[Activity]: Output, exactly as written, the lines below starting at the line containing "圖1所示為采用三種不同拓?f" and ending at the line containing "Flaboaiantul Nico Williams". Drop the pictures and keep both end lines.

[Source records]
----------

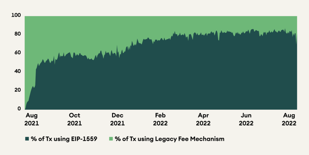 Figure 4: Ethereum transaction type adoption after the implementation of EIP-1559
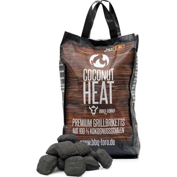 BBQ-Toro Coconut Heat 10 kg | Premium Coconut Grill Briquettes for Long Jobs, 100% Coconut Shells | Coconut Charcoal for Dutch Oven | Coconut Briquettes Grill Charcoal Charcoal Cocos Grill Briquettes
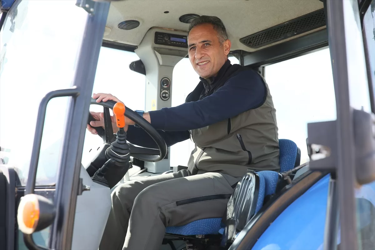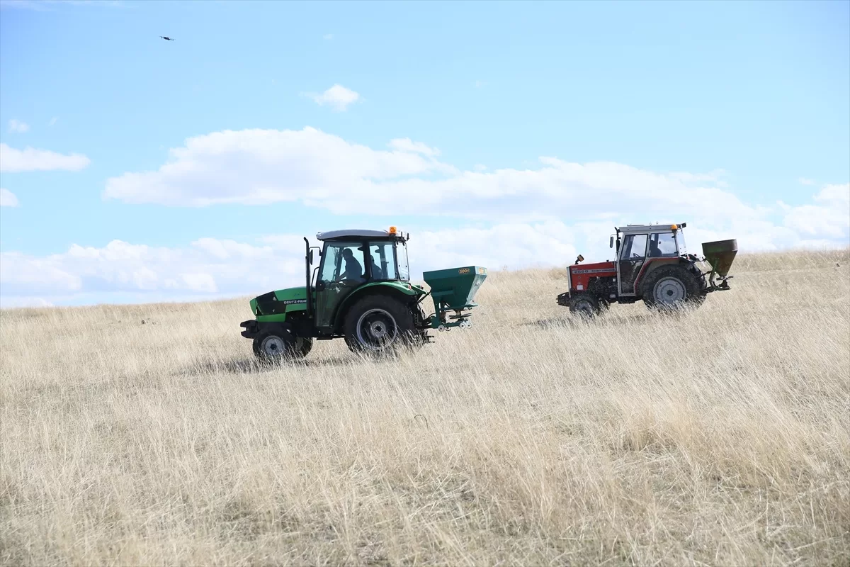 Konuşmanın ardından Aydın, traktöre binerek meraya gübre serpti.
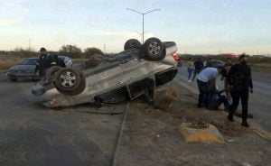 Una persona resultó lesionada tras chocar y volcar la unidad en la que viajaba, sobre el bulevar Municipio Libre en Nuevo Laredo.
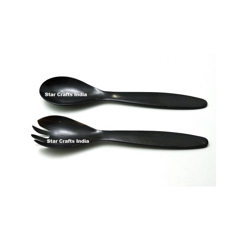 ชุดอุปกรณ์เสิร์ฟสลัดทำจากเขาสัตว์ธรรมชาติ คุณภาพดีที่สุด ตกแต่งโต๊ะอาหาร ผลิตด้วยมือจากอินเดีย
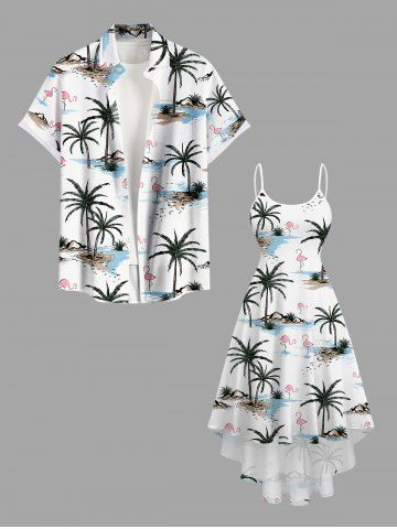 Plus Size Coconut Tree Flamingo Print High Low Hawaii Cami Dress - White - Xxs
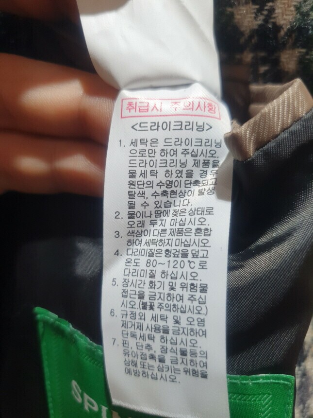 | 6. 세탁방법 및 취급시 주의사항 | 드라이크리닝 |
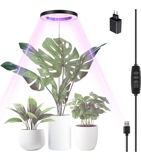 LUMIÈRE DE CROISSANCE 70 LEDS FULL SPECTRUM Cette lumière de croissance a des diodes très efficaces avec 70 LEDs. Elle émet toutes les longueurs d'onde de 380nm à 800nm, 5000K (35pcs de lumière blanche froide), 3000K (23pcs de lumière blanche c ), 625nm (8pcs de lumière rouge), 460nm (4pcs de lumière bleue), et convient à tous les stades de croissance et à diverses plantes telles que les succulentes et les orchidées herherhermonmonas, les tomates, etc. 3 MODES D'ÉCLAIRAGE ET 10 NIVEAUX DE GRADATION Notre lampe de culture est dotée de trois modes d'éclairage pour favor r efficacement la croissance des plantes. Elle dispose également de 10 niveaux de luminosité réglables (10 %-100 %) pour répondre aux besoins des différents types de plantes en termes d'intensité lumineuse. MINUTERIE 3/9/12H La lampe de culture pour plantes d'intérieur dispose d'une fonction de minuterie qui vous permet de régler la durée d'allumage et d'extinction sur 3 heures, 9 heures ou 12 heures par jour. Vos plantes recevront ainsi la bonne quantité de lumière et seront protégées d'une surexposition, ce qui est très important pour une croissance saine des plantes. LAMPES DE PLANTES RÉGLABLES EN HAUTEUR Cette lampe d'intérieur pour plantes est dotée d'un mât télescopique (30-155 cm) qui peut être rétracté vers le haut ou vers le bas. Vous pouvez ajuster la hauteur appropriée pour la croissance des plantes, et une grande surface ou plus de plantes seront couvertes lorsque le poteau est étendu plus longtemps. FACILE À INSTALLER ET LARGEMENT UTILISÉ Il suffit de coller la lampe pour plantes d'intérieur dans la plante en pot, d'ajuster la hauteur et l'angle, puis de l'allumer. Cette lampe LED pour plantes est très polyvalente et peut être utilisée pour tous les types d'emplacements, tels que la suspension, le treillis, les jardinières et ainsi de suite. ...
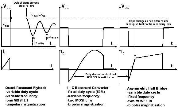 圖1所示為采用三種不同拓?fù)?(準(zhǔn)諧振反激式拓?fù)洹LC諧振拓?fù)浜褪褂密涢_關(guān)技術(shù)的非對(duì)稱半橋拓?fù)? 的開關(guān)的電壓和電流波形。
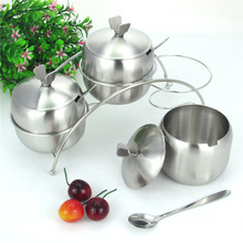 不锈钢调味罐 套装 底座带勺 创意调味盒 调料瓶三件厨房用具正品
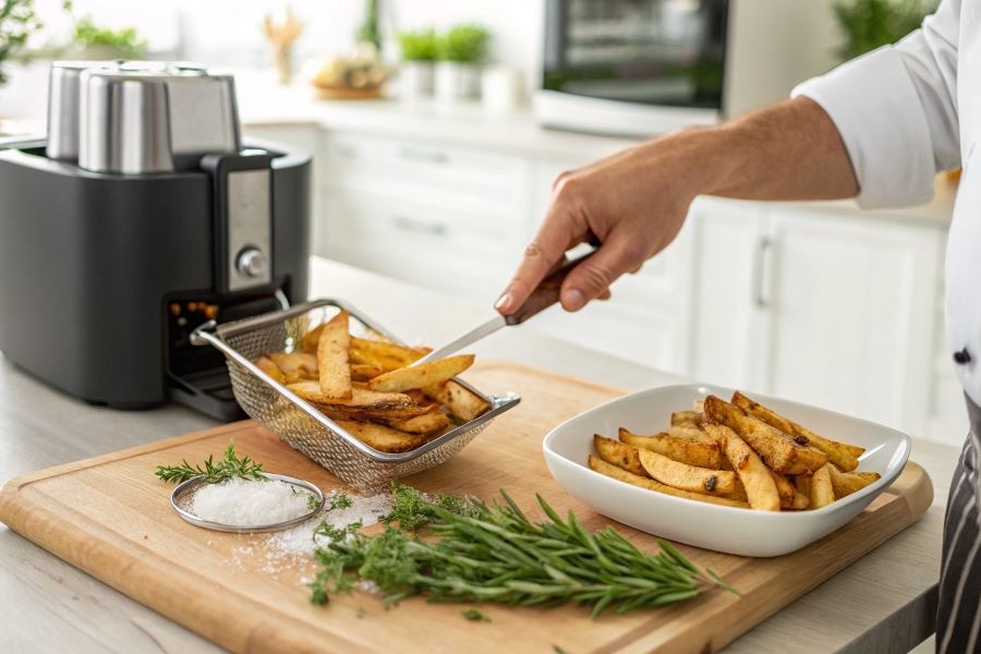 Po wyjęciu z tłuszczu frytki osączamy na papierowym ręczniku i natychmiast przyprawiamy solą, która przylgnie do gorącej powierzchni. Dla wyrafinowanego smaku warto eksperymentować z przyprawami jak papryka wędzona, czosnek granulowany czy suszone zioła prowansalskie.
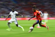 Flaboaiantul Nico Williams a fost protagonistul unei porniri rapide, din unghi, într-o situație de unu la unu cu stoperul englez John Stones. Cea mai mare ocazie pentru Spania în primele 45 de minute. A avansat iute, păstrând diagonala în direcție, cu câteva „biciclete” în aer, etalând simbolic atributele diferențiatoare ale ibericilor: calitate individuală ofensivă, viteză, creativitate.
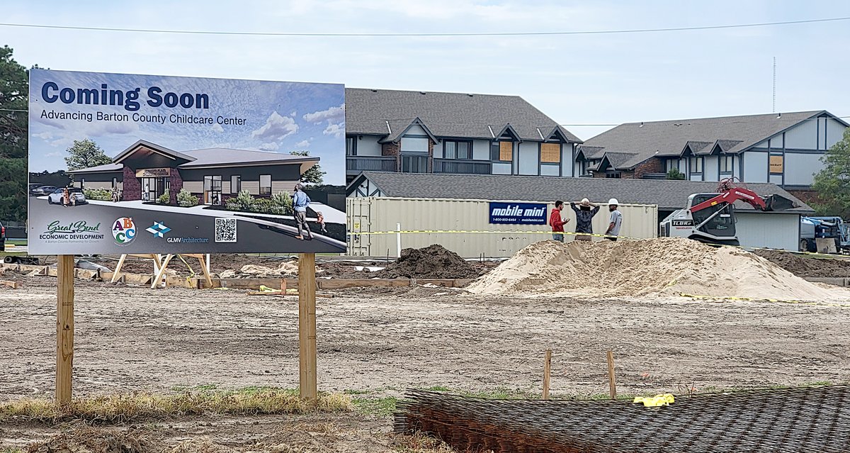 A crew does dirt work at the site of the new Advancing Barton County Childcare Center at Farmers Plaza on the corner of 10th Street and K-96 Thursday afternoon. This is the culmination of a project two years in the making brought about by Great Bend Economic Development Inc. through its subgroup Advancing Barton County Childcare. Ground was broken on July 20 and the plans are to have the construction of the $1.9 million, 6,800 square-foot facility done by next spring.
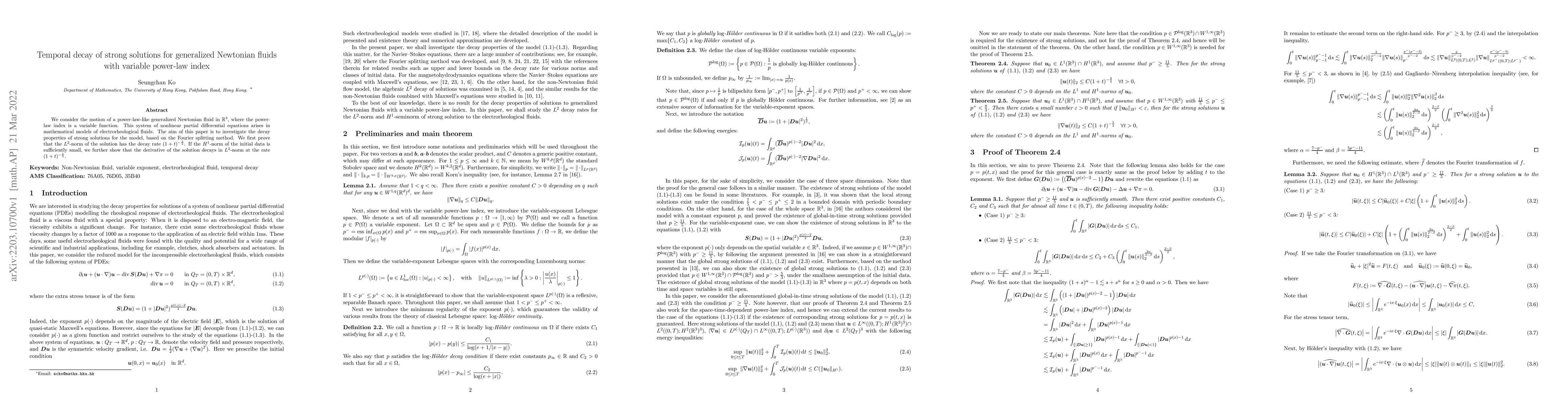 This paper investigates the decay properties of strong solutions for a generalized Newtonian fluid with a variable power-law index modeled by a system of nonlinear partial differential equations. Using the Fourier splitting method, it proves that the L^2-norm of the solution decays at a rate of (1 + t)^{-3/4}, and under small H^1-norm initial data conditions, the derivative decays in L^2-norm at (1 + t)^{-5/4}.

----------

[Output below]:
 圖1所示為采用三種不同拓?fù)?(準(zhǔn)諧振反激式拓?fù)洹LC諧振拓?fù)浜褪褂密涢_關(guān)技術(shù)的非對(duì)稱半橋拓?fù)? 的開關(guān)的電壓和電流波形。
 不锈钢调味罐 套装 底座带勺 创意调味盒 调料瓶三件厨房用具正品
 Po wyjęciu z tłuszczu frytki osączamy na papierowym ręczniku i natychmiast przyprawiamy solą, która przylgnie do gorącej powierzchni. Dla wyrafinowanego smaku warto eksperymentować z przyprawami jak papryka wędzona, czosnek granulowany czy suszone zioła prowansalskie.
 Flaboaiantul Nico Williams a fost protagonistul unei porniri rapide, din unghi, într-o situație de unu la unu cu stoperul englez John Stones. Cea mai mare ocazie pentru Spania în primele 45 de minute. A avansat iute, păstrând diagonala în direcție, cu câteva „biciclete” în aer, etalând simbolic atributele diferențiatoare ale ibericilor: calitate individuală ofensivă, viteză, creativitate.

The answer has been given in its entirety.